**Task prompt:**
Give the listing again in full and exactly, apart from its pictures.

Dataset extract Block Start

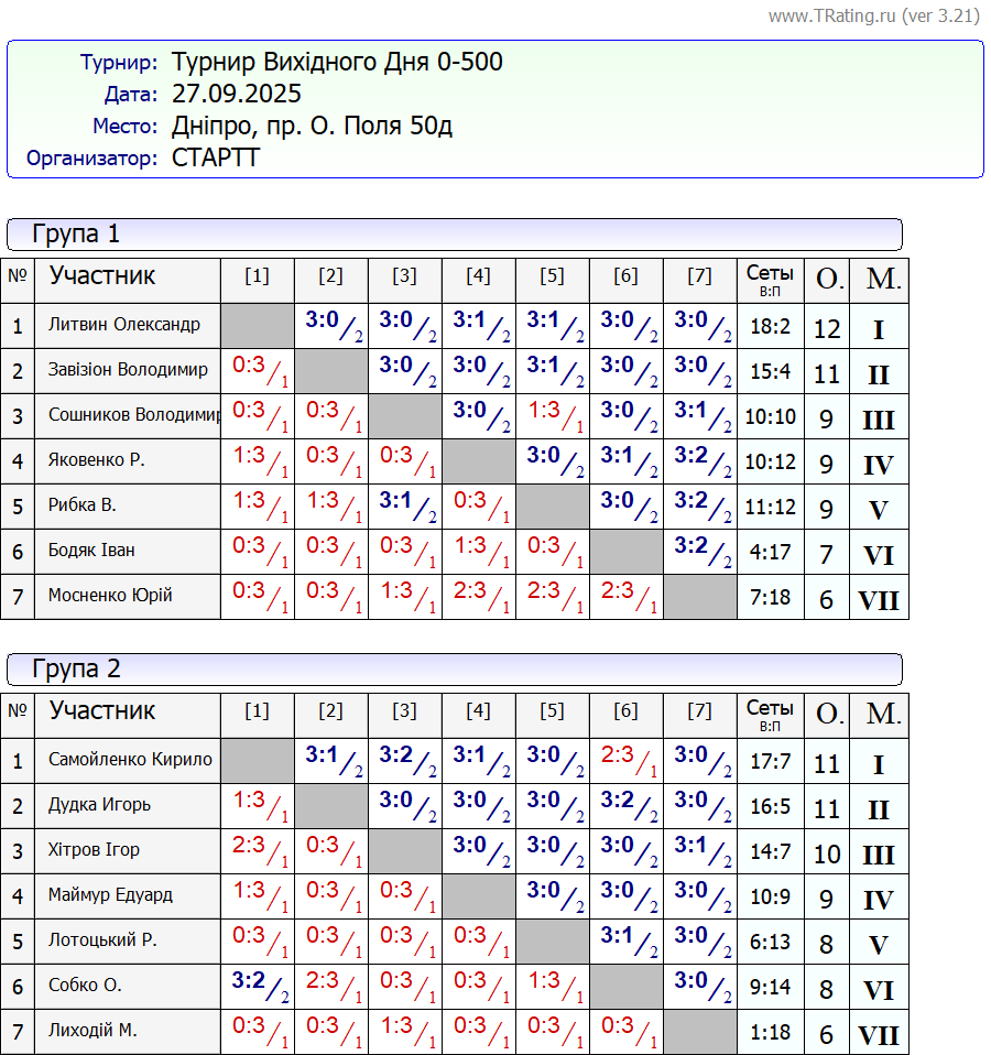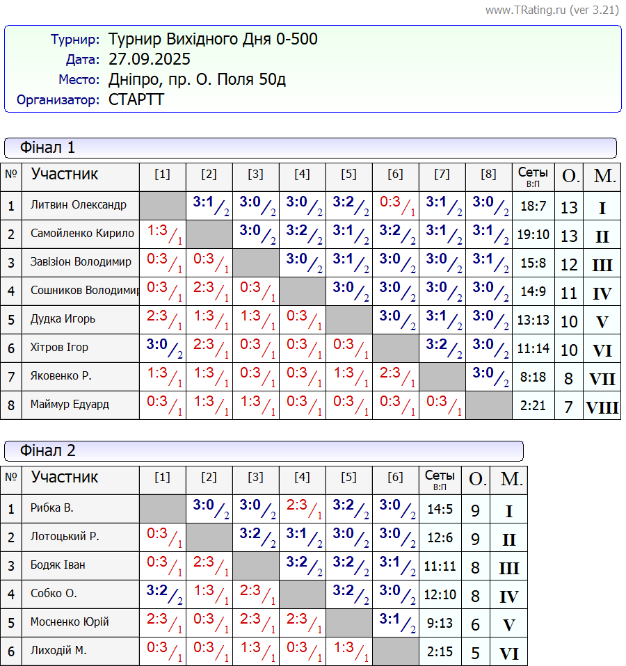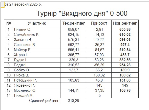 Результати турніру “Вихідного дня 0-500” за 27.09.2025
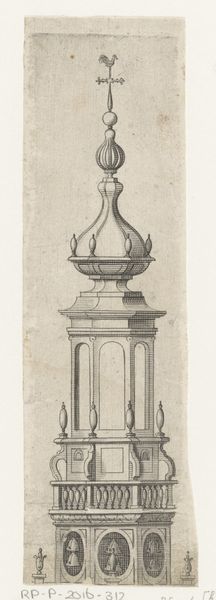 Curator: Looking at this drawing, the stark lines and formal composition feel surprisingly…restrained. Editor: Yes, it’s "Indische Säule und Architrav", or Indian Column and Architrave. Gustav Rügemer rendered it in ink; its Neoclassical style pulls in elements of what was perceived as “Indian” architecture for 19th century European viewers. It lives here in the Städel Museum’s collection. Curator: That’s so interesting! You see, I’m immediately drawn to the top—those rounded forms practically vibrate. And then my eyes fall down toward the center to find this kind of curious theatrical mask, complete with what look like wings or ribbons flowing outward... there's tension between gravity and theatrical flourish. Editor: Absolutely. Those "wings" might evoke garlands, or possibly stylized foliage mimicking forms from the natural world while maintaining classical symmetry. The mask or Gorgon-like face is more than just ornamental— it acts as an apotropaic symbol warding off evil. Columns weren’t *just* structural elements in ancient times; they carried profound symbolic weight. They visually enacted protection for important buildings and the rituals performed there. Curator: The layers here are amazing! Because, even if subconscious, aren’t we *all* still seeking that sense of grounding *and* protection today? Architecture always tries to pull the infinite, ethereal, conceptual, cosmic…down into our mundane reality. Does that even make sense? Editor: Completely! The column literally shores up the physical realm; it gives our ideas a structure, allowing us to contemplate abstract ideas more concretely. Rügemer seems interested in how classical form blends—or clashes—with cultural interpretation. The image embodies cross-cultural dialogue while presenting it with absolute confidence and restraint, as though one's culture could define someone else's. Curator: That feels like something people have yet to unravel! I see endless inspiration here! It feels incredibly relevant even now. Editor: Me too, looking at how such loaded cultural ideas from history can show up and inspire new dialogues…it's incredibly fascinating.
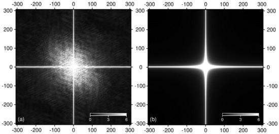 In consideration of the frequency spectrum analysis of DSM, we perform Fourier transform on the data of the second window area, 614 × 614 pixels. The SRTM DEM data are resampled due to differences in resolution. The frequency magnitude spectrum is shown in Figure 16. We found that the energy is more concentrated in the low-frequency portion for the SRTM data, while our DSM data have a more dispersive spectrum for their finer details.

Dataset extract Block End

**Result below:**
 Результати турніру “Вихідного дня 0-500” за 27.09.2025
 Curator: Looking at this drawing, the stark lines and formal composition feel surprisingly…restrained. Editor: Yes, it’s "Indische Säule und Architrav", or Indian Column and Architrave. Gustav Rügemer rendered it in ink; its Neoclassical style pulls in elements of what was perceived as “Indian” architecture for 19th century European viewers. It lives here in the Städel Museum’s collection. Curator: That’s so interesting! You see, I’m immediately drawn to the top—those rounded forms practically vibrate. And then my eyes fall down toward the center to find this kind of curious theatrical mask, complete with what look like wings or ribbons flowing outward... there's tension between gravity and theatrical flourish. Editor: Absolutely. Those "wings" might evoke garlands, or possibly stylized foliage mimicking forms from the natural world while maintaining classical symmetry. The mask or Gorgon-like face is more than just ornamental— it acts as an apotropaic symbol warding off evil. Columns weren’t *just* structural elements in ancient times; they carried profound symbolic weight. They visually enacted protection for important buildings and the rituals performed there. Curator: The layers here are amazing! Because, even if subconscious, aren’t we *all* still seeking that sense of grounding *and* protection today? Architecture always tries to pull the infinite, ethereal, conceptual, cosmic…down into our mundane reality. Does that even make sense? Editor: Completely! The column literally shores up the physical realm; it gives our ideas a structure, allowing us to contemplate abstract ideas more concretely. Rügemer seems interested in how classical form blends—or clashes—with cultural interpretation. The image embodies cross-cultural dialogue while presenting it with absolute confidence and restraint, as though one's culture could define someone else's. Curator: That feels like something people have yet to unravel! I see endless inspiration here! It feels incredibly relevant even now. Editor: Me too, looking at how such loaded cultural ideas from history can show up and inspire new dialogues…it's incredibly fascinating.
 In consideration of the frequency spectrum analysis of DSM, we perform Fourier transform on the data of the second window area, 614 × 614 pixels. The SRTM DEM data are resampled due to differences in resolution. The frequency magnitude spectrum is shown in Figure 16. We found that the energy is more concentrated in the low-frequency portion for the SRTM data, while our DSM data have a more dispersive spectrum for their finer details.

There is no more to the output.